> Work task
When you reach a picture, leave it out; output everything else in the records exactly.

> Data records

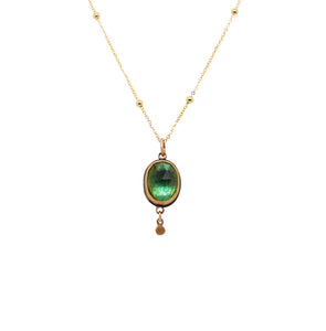 Medium: Green Tourmaline, 22K Yellow Gold, Sterling Silver, 14K Yellow Gold Chain
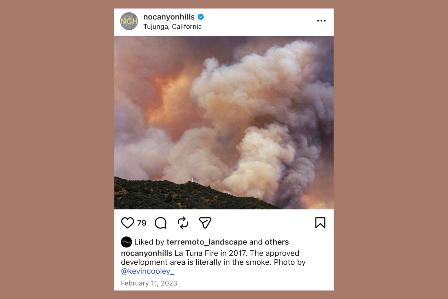 The next post was an archival poster from the Sierra Club, proclaiming its opposition to Canyon Hills in 2004. A few days after that, a photograph showed the mountains engulfed in thick, billowing gray smoke and raging flames, the Santa Ynez cross tiny against its magnitude: the 2017 La Tuna Fire. “The approved development area is literally in the smoke,” the caption read.
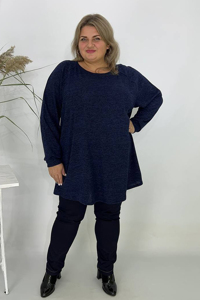 Затишна елегантна туніка, зшита з м'якої машинної в'язки «меланж», доповненої блискучою ниткою. Тканина має неоднорідний колір, приємна до тіла та створює делікатний сяючий ефект. Туніка має вільний крій (А-силует), що забезпечує комфортну посадку та м'яко приховує недоліки фігури. Округлий виріз горловини.
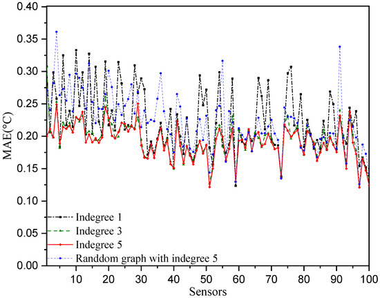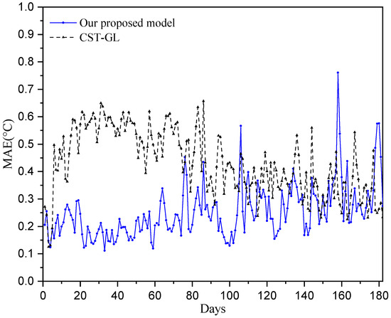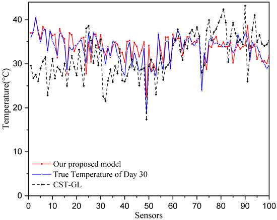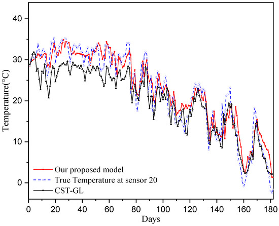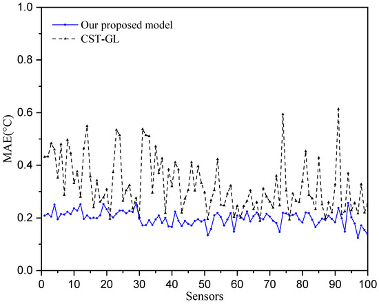 where . The mean absolute errors of each sensor are shown in Figure 5, where we can see that all of the mean temperature prediction error are smaller than 0.25 °C, while most of the MAE of the CST-GL model are greater than 0.3 °C. This demonstrates the superior prediction performance of the proposed model.
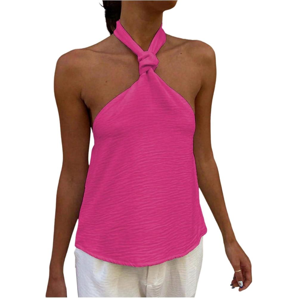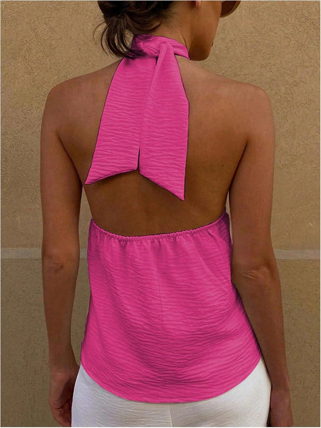 Don’t miss out on our limited-time offer: buy MakeMeChic Women’s Summer Halter Tops Criss Cross Casual Sleeveless Tie Backless Textured Shirt(Hot Pink), get a free {accessory}!
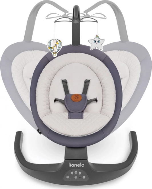 Praktiline LIONELO 2-ühes beebilehter Ralf pakub lapsele mugavat kohta mängimiseks, puhkamiseks ja magamiseks. Tänu kiikumisfunktsioonile koos automaatse liikumistuvastusega, 5 kiirusega ja taimeriga (8/15/30 min) rahuneb beebi hõlpsasti. Lehtrelel on profiilitud iste pehme padjaga, 12 meloodiat helitugevuse reguleerimisega, kaugjuhtimine ning eemaldatav mängukaar kahe mänguasjaga. Turvalisuse tagavad 5-punkti rihmad ja libisemist takistavad katted.
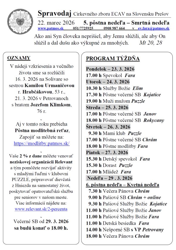 - Spravodaj22.10.202320. nedeľa po Svätej Trojici
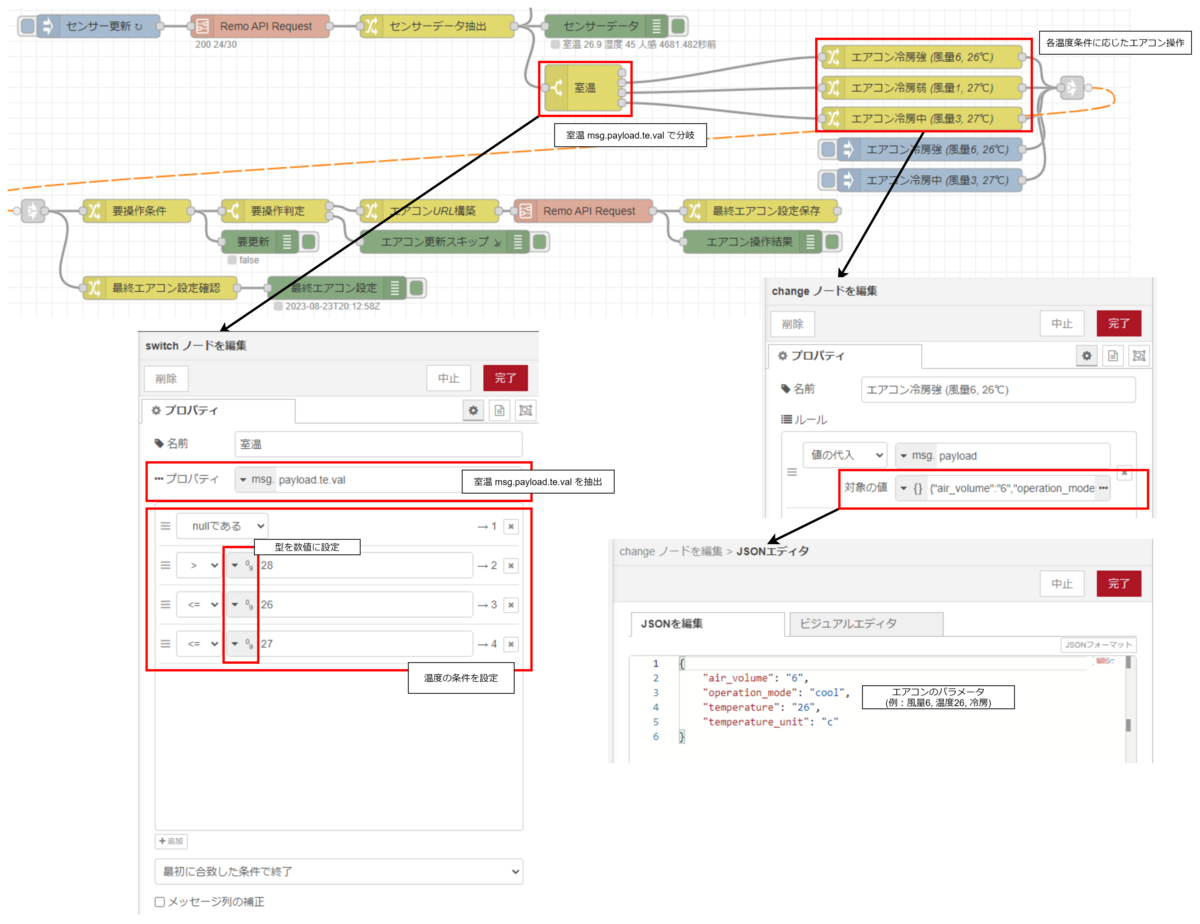 ここまででエアコンの設定をNode-RED上から手動で変更できるようになりました。 最後に、エアコンの設定をRemo3/mini2の温度センサに基いて制御してみましょう。

> Task result
 Medium: Green Tourmaline, 22K Yellow Gold, Sterling Silver, 14K Yellow Gold Chain
 The next post was an archival poster from the Sierra Club, proclaiming its opposition to Canyon Hills in 2004. A few days after that, a photograph showed the mountains engulfed in thick, billowing gray smoke and raging flames, the Santa Ynez cross tiny against its magnitude: the 2017 La Tuna Fire. “The approved development area is literally in the smoke,” the caption read.
 Затишна елегантна туніка, зшита з м'якої машинної в'язки «меланж», доповненої блискучою ниткою. Тканина має неоднорідний колір, приємна до тіла та створює делікатний сяючий ефект. Туніка має вільний крій (А-силует), що забезпечує комфортну посадку та м'яко приховує недоліки фігури. Округлий виріз горловини.
 where . The mean absolute errors of each sensor are shown in Figure 5, where we can see that all of the mean temperature prediction error are smaller than 0.25 °C, while most of the MAE of the CST-GL model are greater than 0.3 °C. This demonstrates the superior prediction performance of the proposed model.
 Don’t miss out on our limited-time offer: buy MakeMeChic Women’s Summer Halter Tops Criss Cross Casual Sleeveless Tie Backless Textured Shirt(Hot Pink), get a free {accessory}!
 Praktiline LIONELO 2-ühes beebilehter Ralf pakub lapsele mugavat kohta mängimiseks, puhkamiseks ja magamiseks. Tänu kiikumisfunktsioonile koos automaatse liikumistuvastusega, 5 kiirusega ja taimeriga (8/15/30 min) rahuneb beebi hõlpsasti. Lehtrelel on profiilitud iste pehme padjaga, 12 meloodiat helitugevuse reguleerimisega, kaugjuhtimine ning eemaldatav mängukaar kahe mänguasjaga. Turvalisuse tagavad 5-punkti rihmad ja libisemist takistavad katted.
 - Spravodaj22.10.202320. nedeľa po Svätej Trojici
 ここまででエアコンの設定をNode-RED上から手動で変更できるようになりました。 最後に、エアコンの設定をRemo3/mini2の温度センサに基いて制御してみましょう。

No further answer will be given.